My other complaint is more of an observation. Local food is local food, and what you like is usually what you grew up with, or a variant thereof. And as much as I loved the time I spent in Wales, this sign for a local deli was, um, a bit of a shock:
And no, it's not because of the use of a word that here in the States is a slur against homosexuals -- though that turns out to be a mixture of onions, liver, and bread crumbs that did make me a little queasy to think about (and it apparently is a corruption of the word fegato, Italian for liver)-- it's just that I'm not used to seeing such an eclectic assortment of body parts on a menu. I am quite sure that much of the food I eat would make people from other countries uneasy as well (heated chicken ova placed on yeast-infected ground-up and cooked wheat tips with violently mixed squeezings from a bovine mammary gland -- yum!), so if you want to color me provincial, feel free. Given my tastes, I'm sure that if I grew up with that food I'd love it. I bet I could still enjoy gefilte fish... if there was enough horseradish on it.

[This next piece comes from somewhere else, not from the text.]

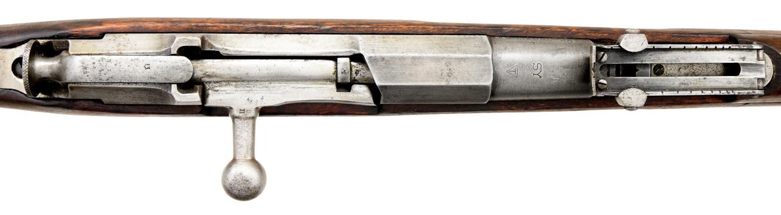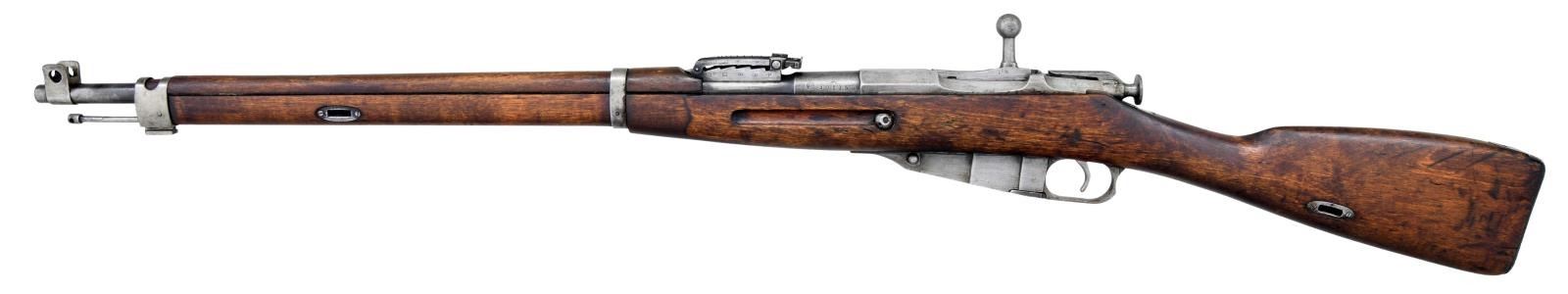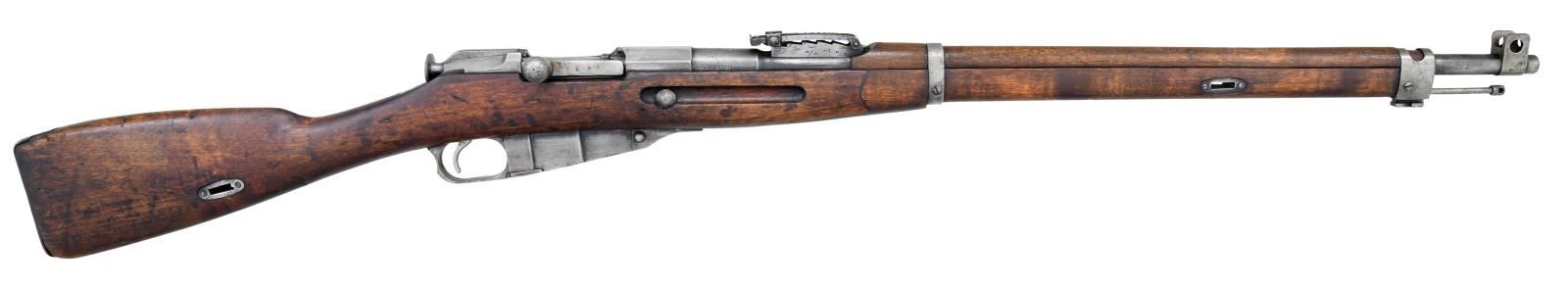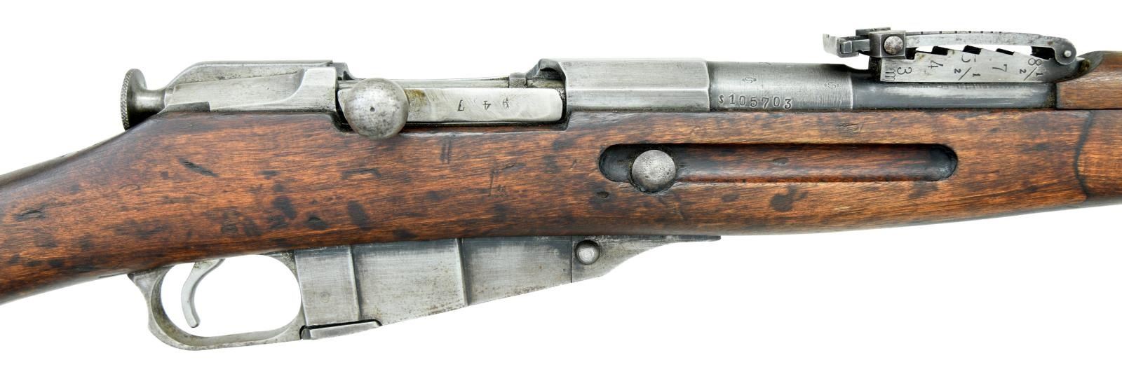 MILITARY RIFLE. Cal.7.62X54R. S#30235. Bbl. 27". Import marked on right side of barrel. Barrel is marked over chamber "SY" indicating Civil Guard issue. The barrel also has the Tikkakoski "T" in a triangle and "D" for the use of "heavy ball" ammunition. The left side of the barrel has the SAKO "gear" marking & a boxed "SA" property mark. There is also a "KE" inspection mark which are the initials for "Kosti Eakola" & are found on Tikkakoski rifles. The right side of the bbl. has 2 "S" Civil Guard acceptance marks & the S prefix Civil Guard S# s105703. The ladder rear sight has been re graduated in meters. Blade front sight w/ protective ears. Bolt has straight handle & bolt rib has been re ground & given a S# which does not match rifle. Solid upper band w/ open top & bayonet lug. Lower band is flat solid type retained by screw. The hard wood stock fitted w/ sling slots has the typical 2 piece finger joint construction. The buttstock portion has faint & legible Soviet Era markings w/ recoil bolt offset slightly, typical of Soviet practice. Buttplate has Izhevsk Arsenal "bow & arrow" marking. Cleaning rod is present. CONDITION: stock set has worn arsenal rework finish w/ staining & numerous handling marks. Buttstock has 1" crack on right side at toe; 2 sm. cracks at each end of the butt sling slot & 2 sm. cracks on the right side of the forend at the sling slot. Metal retains only traces of glue w/ wear turning gray & patina. Dark oxidized bore w/ worn rifling. (23-1094/RW). CURIO. $300-400.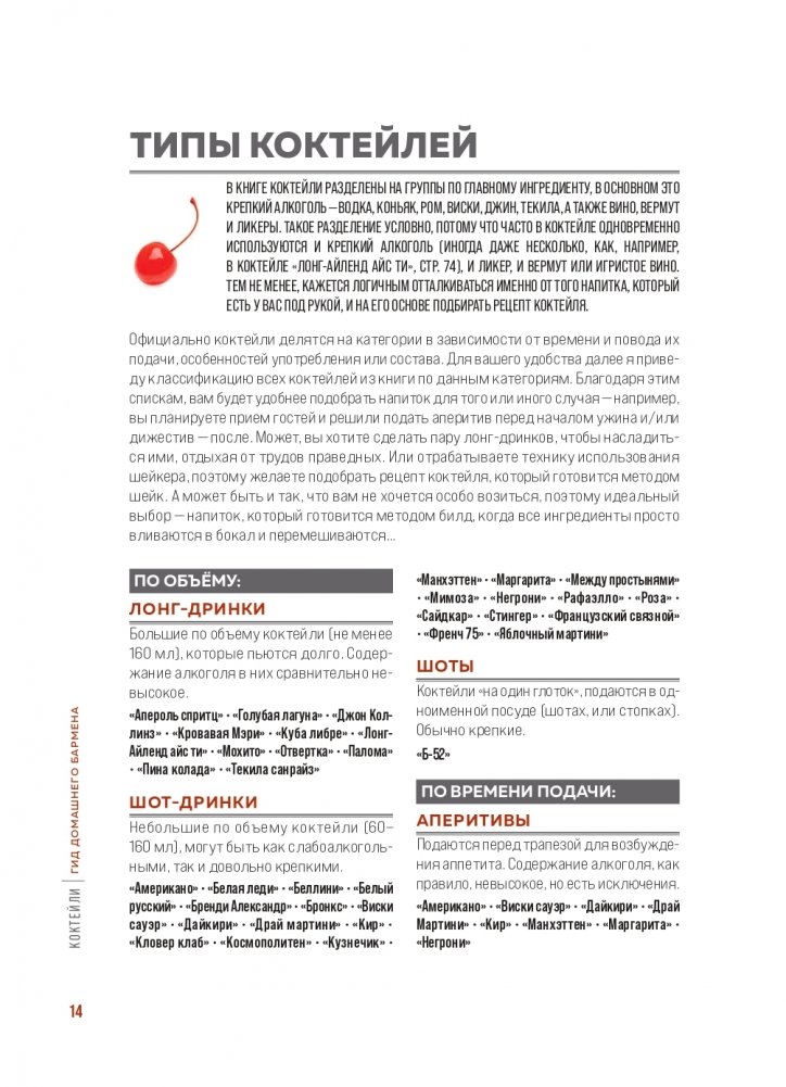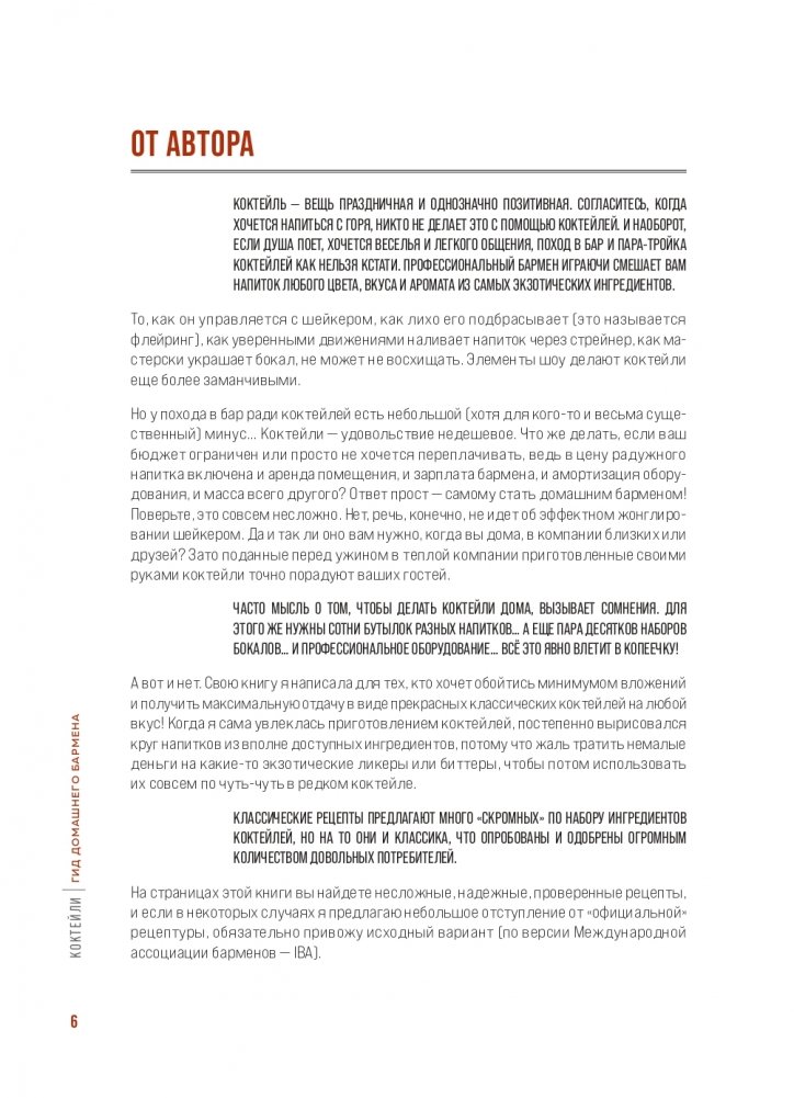 Главной идеей этой книги стала доступность и простота: как ингредиентов, так и посуды, и техник. Здесь нет сложных и трудновоспроизводимых коктейлей с редкими ликерами или дорогими марками спиртного. Рецепты собраны в главы по принципу основного ингредиента, ведь именно он выступает в роли «идейного вдохновителя» будущего коктейля, к нему подбираются все остальные дополнения. Водка, коньяк, ром, виски, джин, текила, вино и вермуты, ликеры — базовые элементы барной классики — станут отправной точкой при выборе коктейля, который вы решите приготовить.

So anyway, as to the point I think I've made, eating in the UK was amazingly delicious, but liable to induce a coronary after a few meals. It'll be some time before I can work off the extra kilos I put on. And it was worth every single chew, every heavenly swallow, and every single bloated fat cell lining my middle.
And the real issue is, I can still taste some of it in my brain. A part of me still senses the presence of bangers, somewhere to the east, just a nine-hour flight and 6000 kilometers away.
* Although there is one brand of Italian sausage we get that are not only full fat, but basically crammed full of it. They are incredibly good, but eat up a week's worth of my fat intake from candy bars for me. The first time we cooked them on the grill, the fat inside the sausage liquefied, and pressure built up. The skin of the sausage split open -- note that this all happened inside the grill and out of sight while we were inside the house prepping the side dishes -- and the fat must have shot out at high speed into the grill bottom. Fat, as it happens, is somewhat flammable. For my part, I looked out the kitchen window and saw flames erupting from every conceivable orifice of the grill, like the thermostat was set to "gamma-ray burst". I ran outside... and then stopped. When your grill looks like it's the part of the superhero movie when the mild-mannered scientist undergoes some horrific accident, only to be transformed into Flaming Sausage Man, it gives you pause. Eventually I figured out how to open the lid without conflagrating myself, and doused the fire. I'll note that the sausages were incredibly tasty.